Yeah, to add to that, just for you know, if, if by chance, we end up with split tickets which possible, who knows what the heck's going to happen?

Speaker 4:

Yeah, it's still going to be up to the trustees to go to whoever the elected mayor or the mayor that got elected to go to who maybe wasn't on his ticket, to go out and reach out to them, see what their agendas are, how they can work the agenda together, because, at the end of the day, if whoever's elected mayor doesn't bring a solid agenda to the board, then we're talking about status quo for four more years. There has to be an agenda that has to start on day one about what the trustees that are elected and the mayor that's elected, what direction they want to go and what they want to accomplish, because four years is not a lot of time to start talking about things. If you're not locked into well, I'm going to do a traffic study, I want to do this kind of study If you're not locked into doing those things pretty quickly, then a lot of things that we talk about can't happen.

Speaker 4:

They won't happen, because they can only then happen is if we raised your taxes and paid for it ourselves.

Speaker 2:

And we talked here the other day and Jim and Nick are right on we need a traffic study to get it started, to fill in everything else. How's that traffic on Wolf Road and LaGrange Road doing for you? Traffic on Wolf Road and LaGrange Road doing for you?
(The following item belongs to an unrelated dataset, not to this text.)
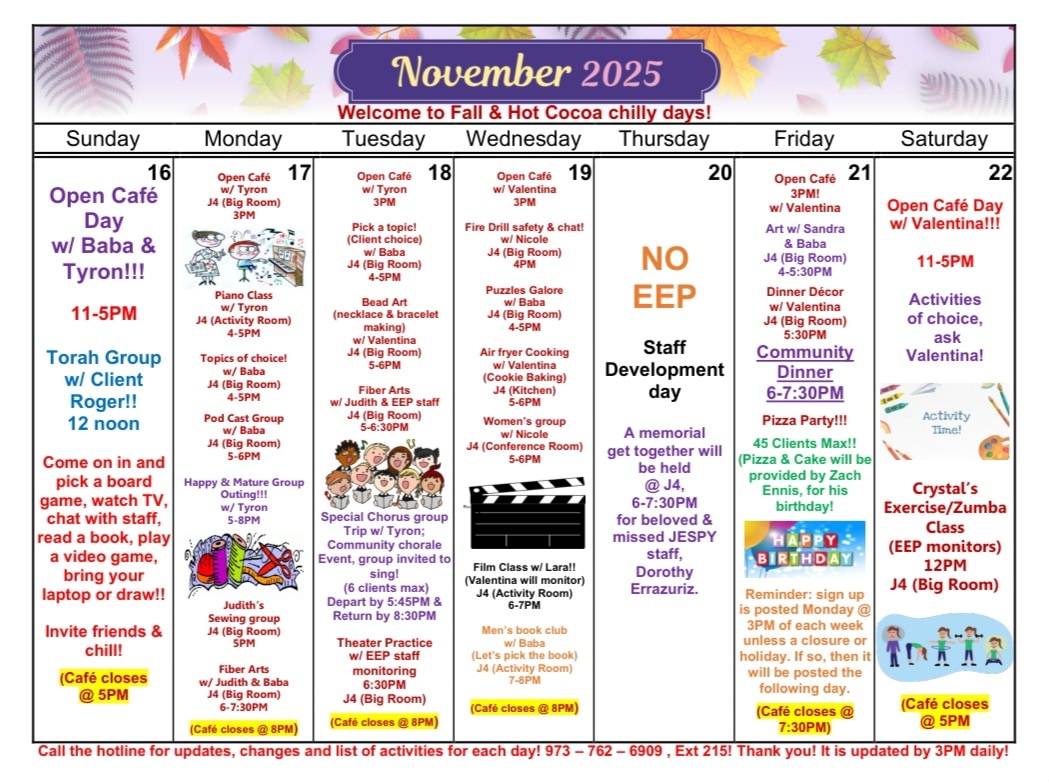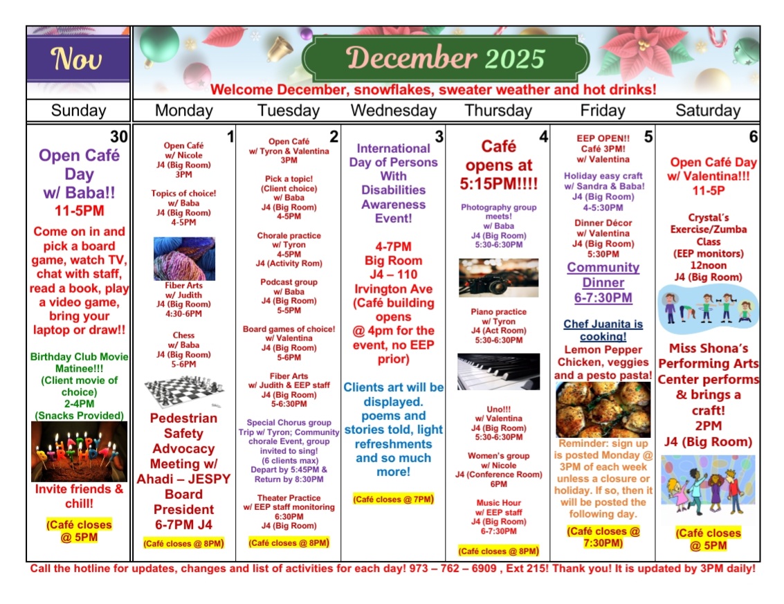 The JESPY Café is held in Judi House, a multi-purpose building that houses many of JESPY’s recreational, cultural arts and wellness activities. The Café, which is a meeting place where clients socialize, play games, or listen to music, is open on weekdays from 4:00pm to 8:00pm and on the weekend from 11:00am to 5:00pm.

And it's going to get nothing but worse unless we have a traffic study that shows us how to move traffic. And again, I'm sorry, I hate to sound like a broken record, but I've been trying to get that traffic study for 12 years but I can't get that traffic study done and that's something that is needed. That traffic study should be first so we know how to fit the comp plan in, and then the downtown. So that's extremely important and I'm getting sick over the years, of taking the blame for something that I can't get the board to do. It's just that simple.

Speaker 2:

I know the buck stops here, but I can only do so much. I bring it up, you know, as an agenda item. They have to sit there and vote on it. I'm stuck if they don't give me the yes vote and that's got to stop. This has got to be it. I'm telling you this has got to be it because Mokina is at a crossroads, and I'll tell you what the people we're running against will take us backwards. I guarantee that we are not going to go forward anymore. If the four of us lose this election, mokina is going to be in trouble, and I'm not being dramatic, I'm being truthful. It's just that simple, folks.

Speaker 4:

I just want to thank everybody real quick for coming out tonight. I didn't get a chance to talk to all of you, but I appreciate everyone that's here and it's kind of a cold, rainy night. But we're going to pick our best friends up from the airport here and I don't know how long they'll want to wait for me. But I hate to run out on you without thanking everyone for being here. Thank you.

Speaker 3:

Two weeks from now.

Speaker 2:

Yep, I'm a blake. Okay, hold on a second, so yeah.